### Data section
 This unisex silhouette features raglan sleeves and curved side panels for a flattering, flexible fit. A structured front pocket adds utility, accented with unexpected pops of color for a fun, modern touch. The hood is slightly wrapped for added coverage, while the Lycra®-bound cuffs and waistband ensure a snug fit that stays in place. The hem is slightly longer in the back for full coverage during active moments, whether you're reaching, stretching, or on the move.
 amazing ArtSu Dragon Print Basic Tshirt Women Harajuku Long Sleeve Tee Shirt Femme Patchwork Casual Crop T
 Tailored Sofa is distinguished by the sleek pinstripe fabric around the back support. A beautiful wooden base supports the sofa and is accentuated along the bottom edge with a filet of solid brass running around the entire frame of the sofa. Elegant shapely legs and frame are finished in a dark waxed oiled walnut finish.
==
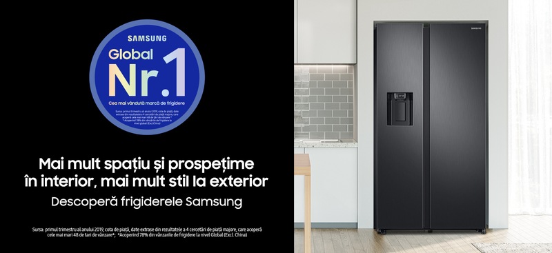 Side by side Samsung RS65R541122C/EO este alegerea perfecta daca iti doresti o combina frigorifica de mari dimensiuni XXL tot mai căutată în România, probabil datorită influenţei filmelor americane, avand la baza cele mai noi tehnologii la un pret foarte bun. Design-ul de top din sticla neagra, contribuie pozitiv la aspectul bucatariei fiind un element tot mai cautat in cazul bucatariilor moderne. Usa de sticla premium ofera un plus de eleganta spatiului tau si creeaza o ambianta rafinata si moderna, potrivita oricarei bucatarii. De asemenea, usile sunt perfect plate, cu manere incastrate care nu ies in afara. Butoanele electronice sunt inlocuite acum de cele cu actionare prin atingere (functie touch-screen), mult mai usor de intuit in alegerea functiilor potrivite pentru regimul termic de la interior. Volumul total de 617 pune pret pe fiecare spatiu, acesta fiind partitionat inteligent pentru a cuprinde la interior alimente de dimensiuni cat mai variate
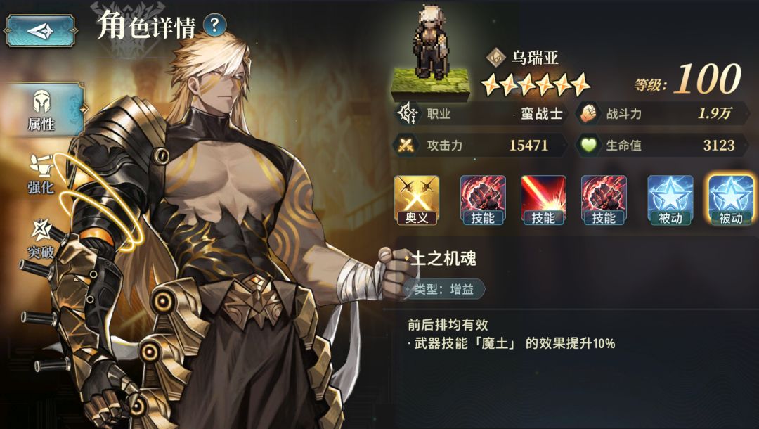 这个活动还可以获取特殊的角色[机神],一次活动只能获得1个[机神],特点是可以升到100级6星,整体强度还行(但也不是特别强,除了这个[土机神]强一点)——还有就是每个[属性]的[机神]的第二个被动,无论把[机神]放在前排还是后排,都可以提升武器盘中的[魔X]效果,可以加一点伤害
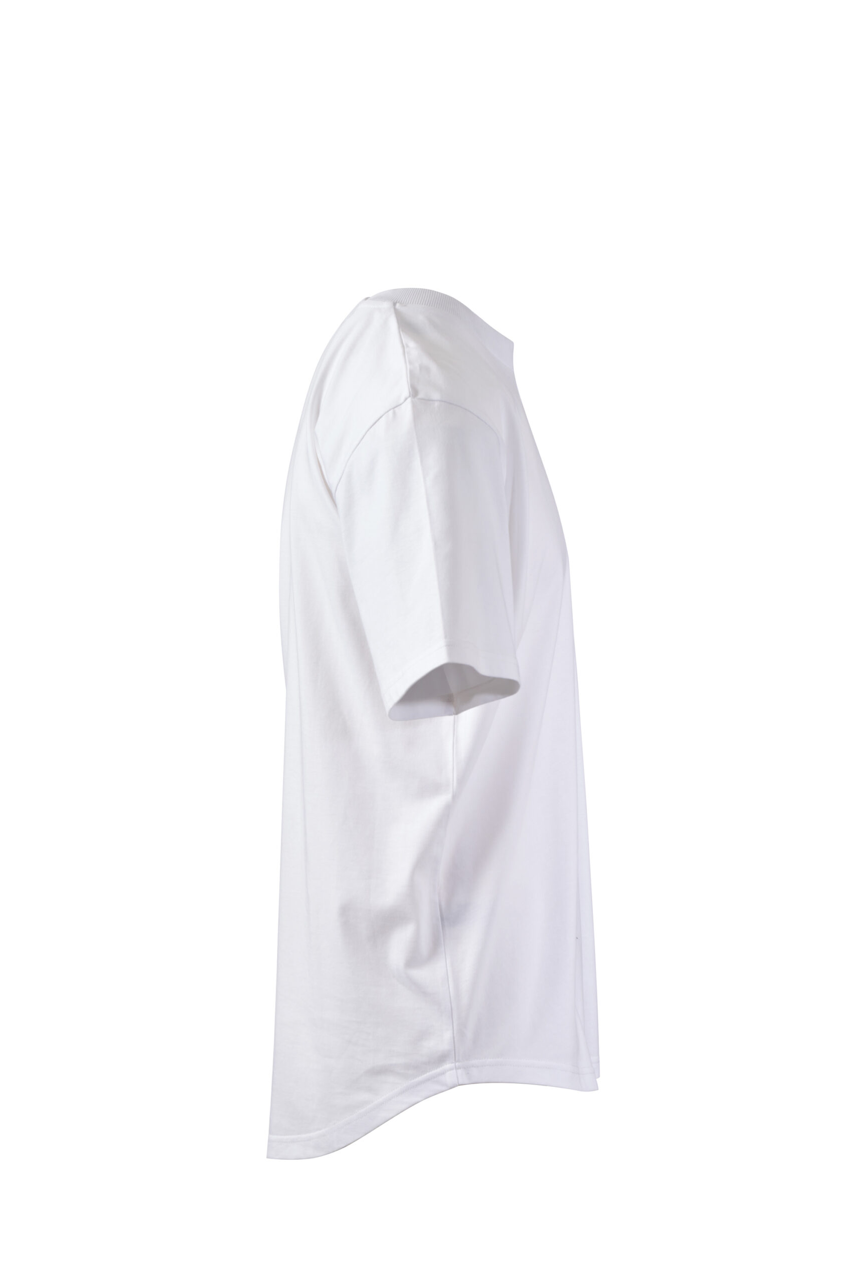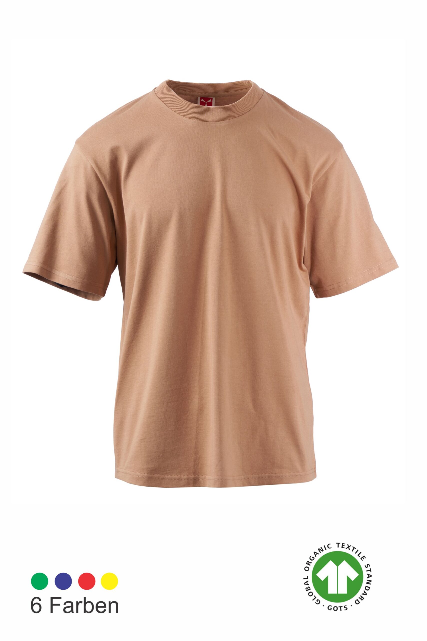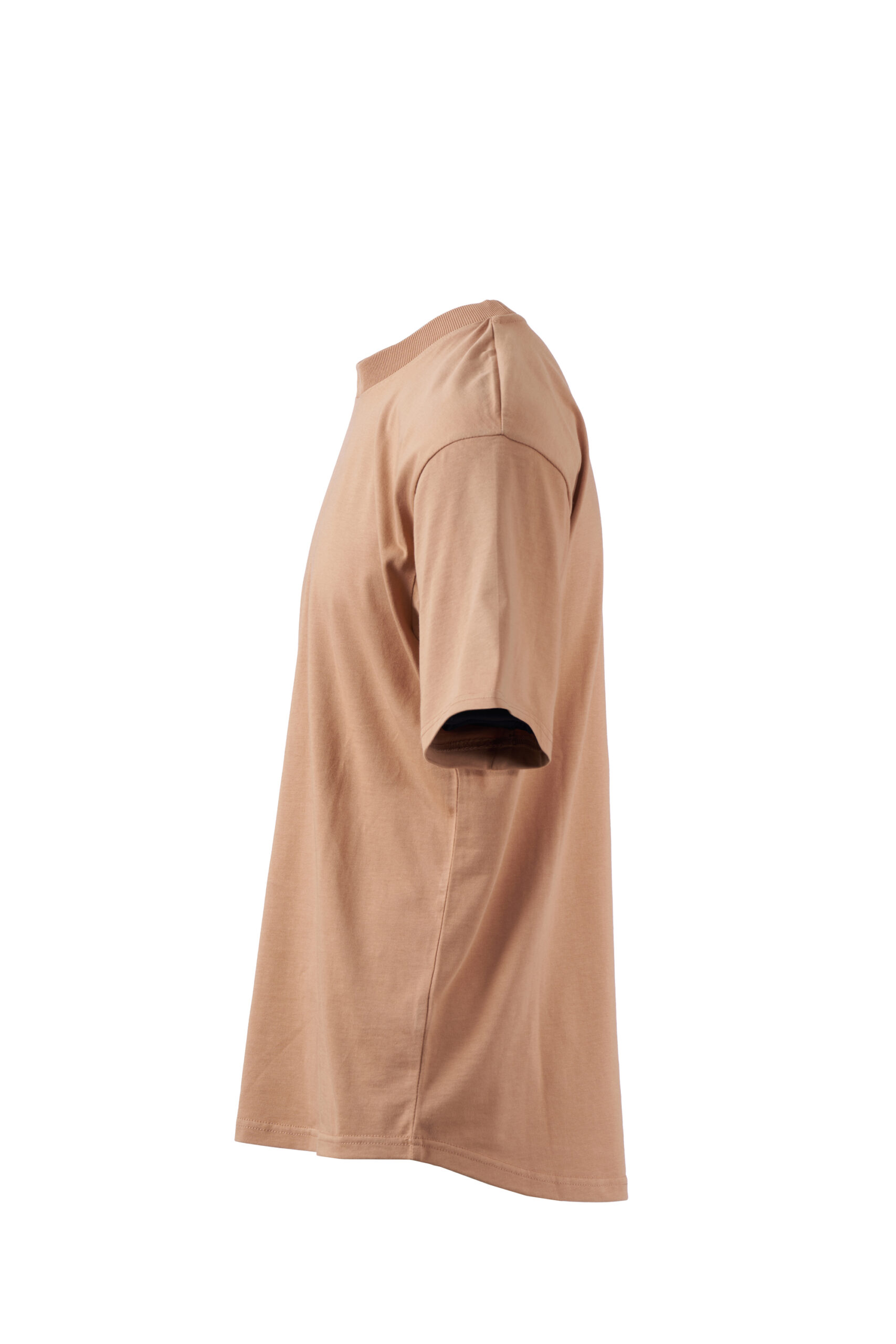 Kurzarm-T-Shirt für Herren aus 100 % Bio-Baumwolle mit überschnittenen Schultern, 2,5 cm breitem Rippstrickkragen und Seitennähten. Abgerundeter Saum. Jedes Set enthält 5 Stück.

### Problem statement
Copy out the lines above exactly, beginning at the one that contains "This unisex silhouette" and ending at the one that contains "Tailored Sofa is".

### Result for this exercise
 This unisex silhouette features raglan sleeves and curved side panels for a flattering, flexible fit. A structured front pocket adds utility, accented with unexpected pops of color for a fun, modern touch. The hood is slightly wrapped for added coverage, while the Lycra®-bound cuffs and waistband ensure a snug fit that stays in place. The hem is slightly longer in the back for full coverage during active moments, whether you're reaching, stretching, or on the move.
 amazing ArtSu Dragon Print Basic Tshirt Women Harajuku Long Sleeve Tee Shirt Femme Patchwork Casual Crop T
 Tailored Sofa is distinguished by the sleek pinstripe fabric around the back support. A beautiful wooden base supports the sofa and is accentuated along the bottom edge with a filet of solid brass running around the entire frame of the sofa. Elegant shapely legs and frame are finished in a dark waxed oiled walnut finish.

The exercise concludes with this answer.